Others are intrigued. Plastic surgeon Bohdan Pomahac of Yale University remembers attending a presentation by Xie and his colleagues at surgical meeting a few years ago and finding it “bizarre.” The protocols of the studies in China were “all over the map,” he says, and even the published studies “were pretty poor quality and low impact.” But as promising results continued to trickle in, Pomahac put together a multidisciplinary team to investigate further. Now, he is working closely with researchers at Washington University in St. Louis who are conducting dcLVA surgeries in animals.
If all goes well and federal funding comes through this month, Pomahac hopes to launch a clinical trial of an dcLVA surgery in carefully screened patients in the early stages of Alzheimer’s. “No matter how unlikely it is [to work], it’s worth exploring properly and studying scientifically,” he says.

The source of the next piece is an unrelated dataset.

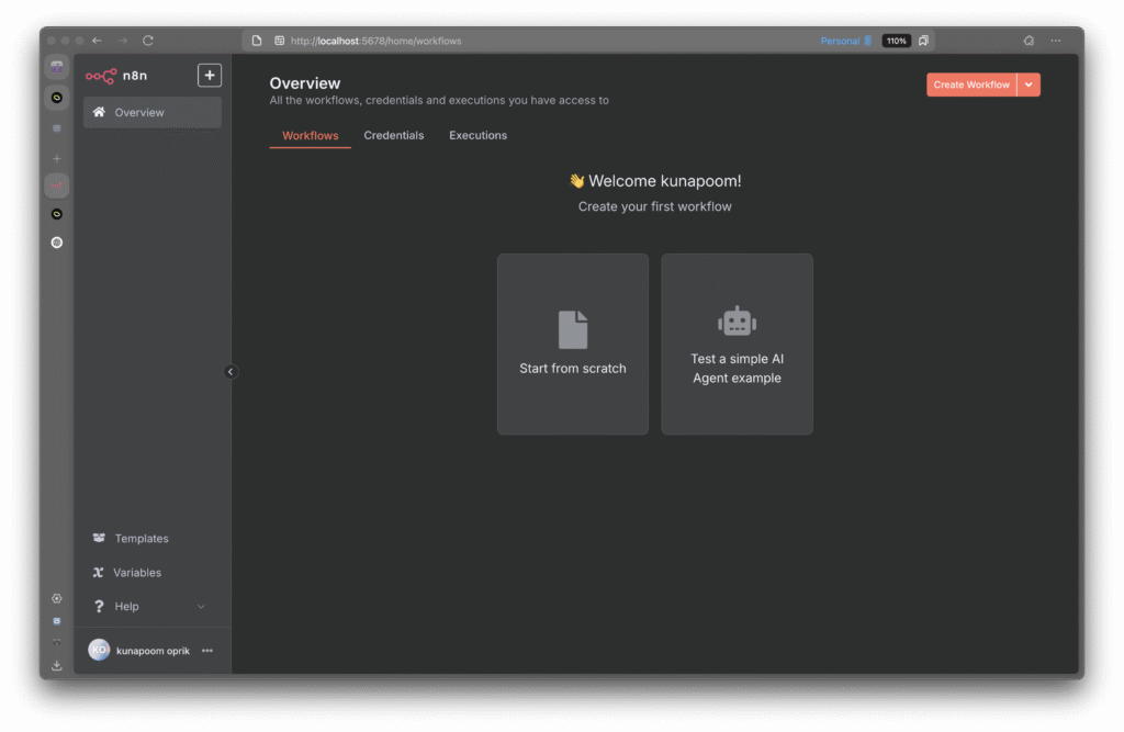 คุณสามารถเริ่มสร้าง Workflow ได้ทันทีผ่านหน้า Web UI ของ n8n — ผ่าน Public URL ของ Ngrok หรือ localhost

Bill says she would not undergo an dcLVA surgery—at least not without stronger evidence. She would, however, take a pill to keep her glymphatic system running smoothly as she ages.
In 2020, Bill reported that an antipsychotic called trifluoperazine, which prevents Aquaporin-4 from being shifted around within cells, prompted a dramatic recovery in a mouse model of CNS edema, or swelling in the brain and spinal cord, caused by injury. The mice behaved “as though they’d never been injured,” she says.

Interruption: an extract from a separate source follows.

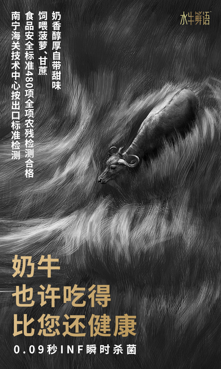 牧場位于北回歸線上,物產(chǎn)豐饒,用甘蔗菠蘿喂養(yǎng)的奶牛產(chǎn)出的奶自帶甜味。水牛奶和牛奶科學(xué)配比后,奶香醇厚卻不腥。水牛奶是“奶中精品”,水牛鮮語所含蛋白質(zhì)高于歐盟標準約21%,含鈣量遠超高鈣奶標準。

Trifluoperazine “is an old, dirty drug,” Bill acknowledges. “But if we could test it today, I think we would be in a position where we could save people’s lives.”
Iliff has also been studying an old drug—the alpha blocker prazosin, which his group found in a retrospective study to be potentially helpful in preventing dementia among veterans taking it for trauma-related nightmares. His team is testing its effects on glymphatic function and markers of Alzheimer’s in rodents and nonhuman primates. (Prazosin is one of the three drugs in Hussain and colleagues’ experimental cocktail.) Iliff is also working with the California biotech firm Applied Cognition on a noninvasive device to measure glymphatic clearance in real time.
“There is no direct evidence yet that lack of glymphatic efficiency leads to dementia in people,” Bill points out. “But the circumstantial evidence is strong enough that it’s worth a shot to drug it.”